Литмир - Электронная Библиотека
A
A

Полицейский снова сел, но на сей раз остался на месте.

— Ладно, объясните еще разок. Возможно, до меня все же дойдет.

Человек в костюме медленно кивнул, признавая справедливость слов своего визави.

— Хорошо. Инспектор Раух хочет арестовать человека по имени Лэнгфорд Рейлли, американца. Он считает, что мистер Рейлли может что-то знать об одной или даже нескольких перестрелках, случившихся в Вене…

— Как будто их дела нас как-то касаются, — ехидно вставил Залтов.

Человек в костюме выразительно повел бровью, и полицейский снова умолк.

— Как нам сообщили наши друзья с улицы Царя Соломона, мистера Рейлли сопровождает один из их бывших работников Джейкоб Аннулевиц, следовательно, пока что американец сотрудничает с ними. Оба они — и мистер Рейлли, и Аннулевиц — проявляют весьма серьезный интерес к человеку по имени Цвелк.

Полицейский поднялся и вновь принялся расхаживать по комнате.

— Судя по досье, патриот.

— Может быть, и патриот.
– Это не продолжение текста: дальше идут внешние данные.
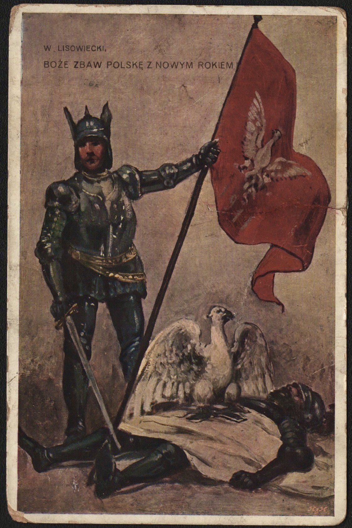 Pocztówka patriotyczna. Boże zbaw Polskę z Nowym Rokiem. Mal. M. Lisowiecki. Wydawnictwo "Pocztówki" w Krakowie]
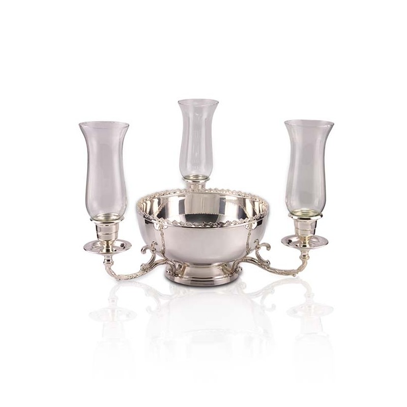 Floreira centro de mesa pequeno 3 velas com mangas de vidro - Ø35 x 12 alt. fabricada em Prata Apolo de altíssima qualidade, mantendo assim suas características originais e preservando o seu requinte, elegância e brilho por muito mais tempo. Seus detalhes valorizam em muito a peça, seu design proporciona beleza, praticidade e um toque de sofisticação ao ambiente a ele destinado.
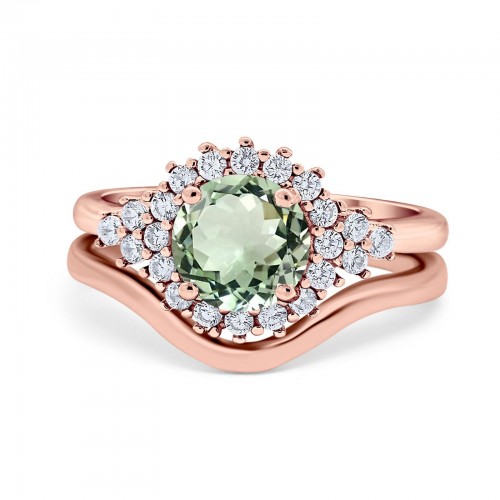 14K Rose Gold 1.59ct Round Two Piece Halo 7mm G SI Natural Green Amethyst Diamond Engagement Wedding Ring Size 6.5
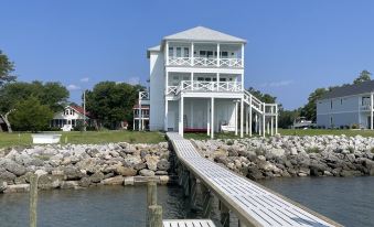 Welcome to Aqua Vista, a beautifully appointed four-bedroom, three-and-a-half-bathroom retreat nestled on the tranquil shores of The Core Sound in the quiet fishing village of Atlantic, North Carolina. Located in the southernmost part of the Outer Banks, this hidden gem offers a rare blend of modern coastal elegance and untouched natural beauty.
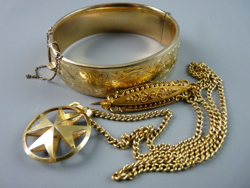 A FIFTEEN CARAT GOLD VICTORIAN BROOCH, 3.5 grms, an eighteen carat gold Maltese Cross pendant on chain and a chased decorated bangle, one fifth nine carat gold with metal core
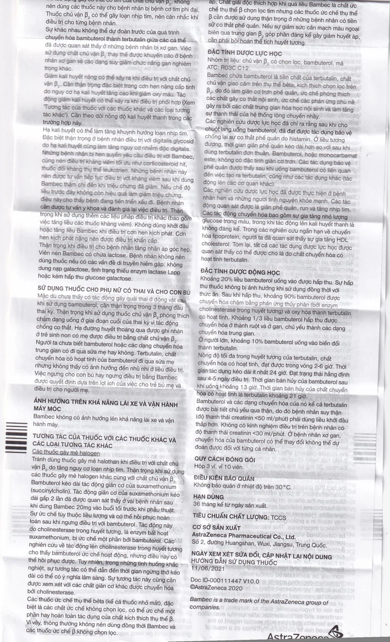 Rửa dạ dày, than hoạt tính. Đánh giá cân bằng kiềm toan, đường huyết và điện giải. Theo dõi tần số, nhịp tim và huyết áp. Chất giải độc thích hợp khi quá liều Bambec là chất ức chế thụ thể beta chọn lọc tim nhưng các thuốc ức chế thụ thể beta cần được sử dụng thận trọng ở những bệnh nhân có tiền sử co thắt phế quản. Nếu sự giảm sức cản mạch máu ngoại biên qua trung gian beta-2 góp phần đáng kể gây giảm huyết áp, cần phải bồi hoàn thể tích huyết tương.
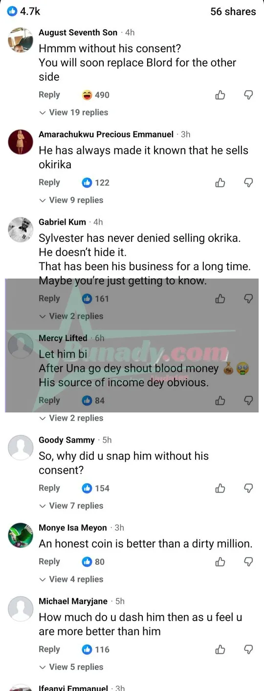 Outrage as man shares photo of former Nollywood actor Sylvester Madu selling clothes and eating on bushy road
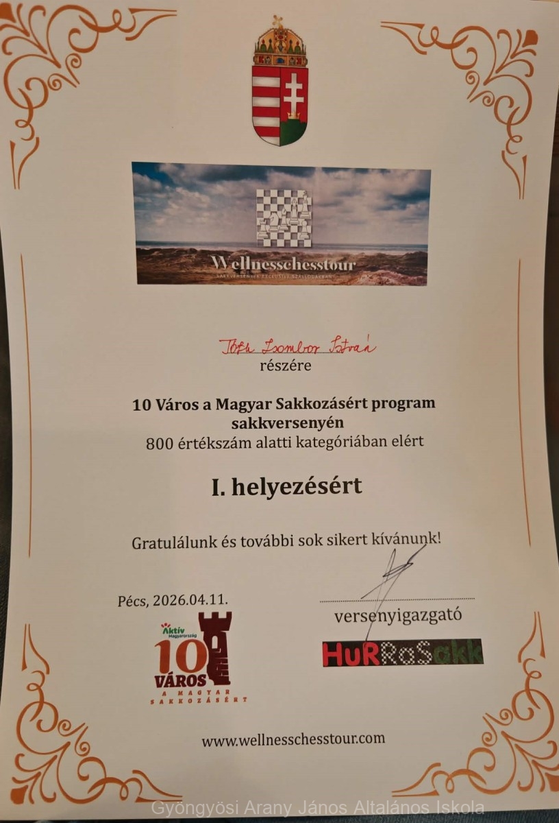 Iskolánk tanulója, Tóth Zsombor István (1.a) 800 értékszám alatti kategóriában első lett.
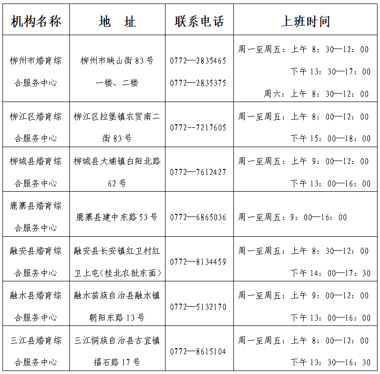 享受免费婚前医学检查、免费孕前优生健康检查的群众需携带身份证、户口簿,可在柳州市任意一家婚育综合服务中心享受免费服务。
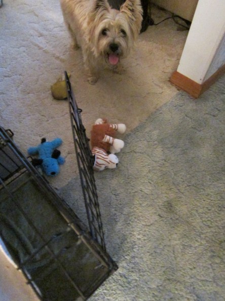 Toby gets a tiny treat whenever he goes into his kennel. He insists that his toys also get a treat (which Toby kindly eats for them).
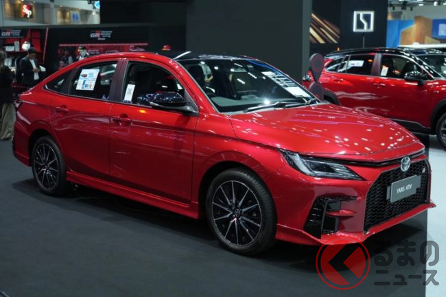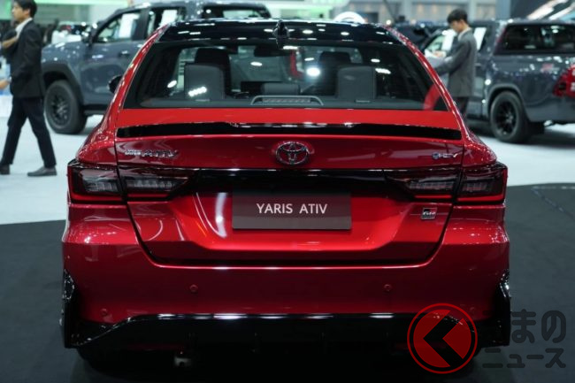 トヨタ新「コンパクトセダン」登場! 全長4.4m“ちょうどいいボディ”に「GR」仕立ての“専用デザイン”&チューニング採用! スポーティな内装もグッドな「ヤリス ATIV HEV GRスポーツ」タイで実車展示!
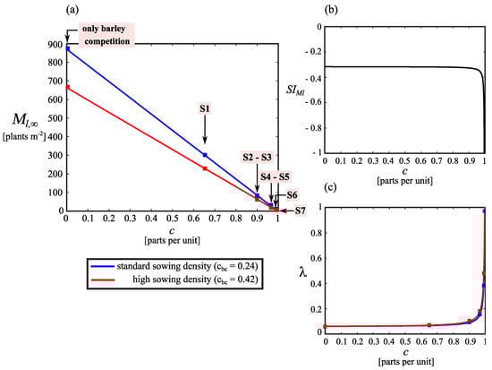 The weed population growth rate (Equation (13)) presents a similar dependence on the control actions. This rate is practically constant for control efficiencies lower than 0.90 while it increases sharply for control efficiencies greater than 0.90 (Figure 3c). For control programs S1−S3, the λ values are almost the same, keeping below 0.1, and they do not manifest differences concerning the sowing density options. This implies that goes to the equilibrium with a predominantly fast rise dynamic. However, for control programs S4−S7, the λ presents pronounced variations according to the control or the sowing density increase. The tendency is a population response becoming progressively slower as c closes to 1 and the barley crop is sowed at a high density.
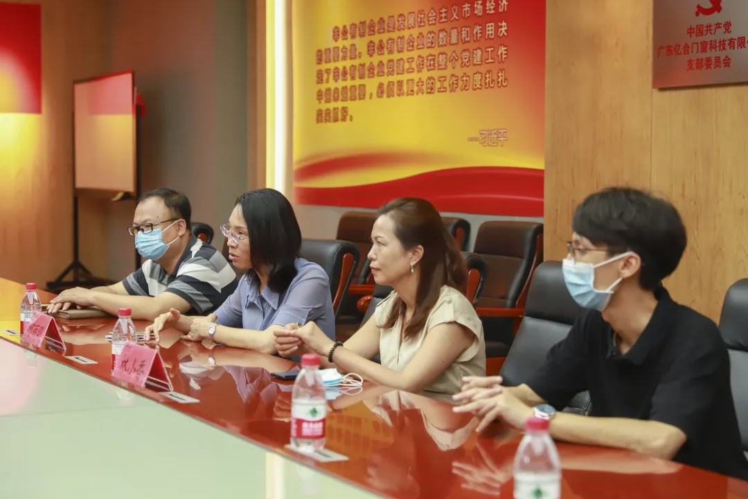 為了進一步關心員工身心健康,幫助他們緩解壓力,以更加健康、陽光的狀態投入工作。8月18日,獅山鎮總工會主席何麗明,副主席林小香,副主席程鵬一行蒞臨億合門窗參觀指導,億合門窗總經理胡超攜億合工會核心成員熱情接待。此次參觀交流旨在進一步推動企業關愛員工,引導員工熱愛企業,最終實現員工與企業和諧共贏。
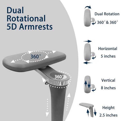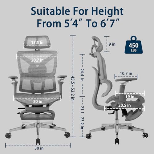 Specification: Big and Tall Ergonomic Office Chair with Footrest, 5D Adjustable Armrests, Lumbar Support, Mesh Reclining Swivel Chair for Home Office or Gaming, Adjustable Seat Depth, S3 Elite Pro Grey
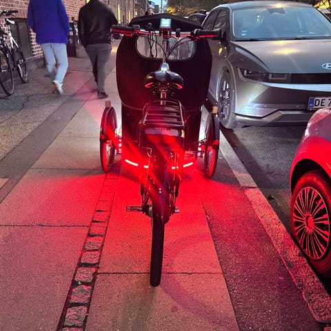 Den er fuldt udstyret og klar til brug. Herunder: Elsystem blev udskiftet i sommer 2025 (pga. defekt), stort batteri med to nøgler og lader, klar frontkasse så ungerne kan se ud, fastmonteret baglygte, forlygter, ringlås med to nøgler, kædelås med to nøgler, nyere kaleche og sæde med hynde og seler.

Кроме того, руководитель вооруженной группировки, вернее даже, частной армии, базирующейся совсем рядом со стеной, которая ограждает сектор Газа.

— По-моему, самое подходящее место для армии.

— Правительство не слишком радуется существованию не подконтрольных ему вооруженных отрядов, особенно в таком беспокойном районе.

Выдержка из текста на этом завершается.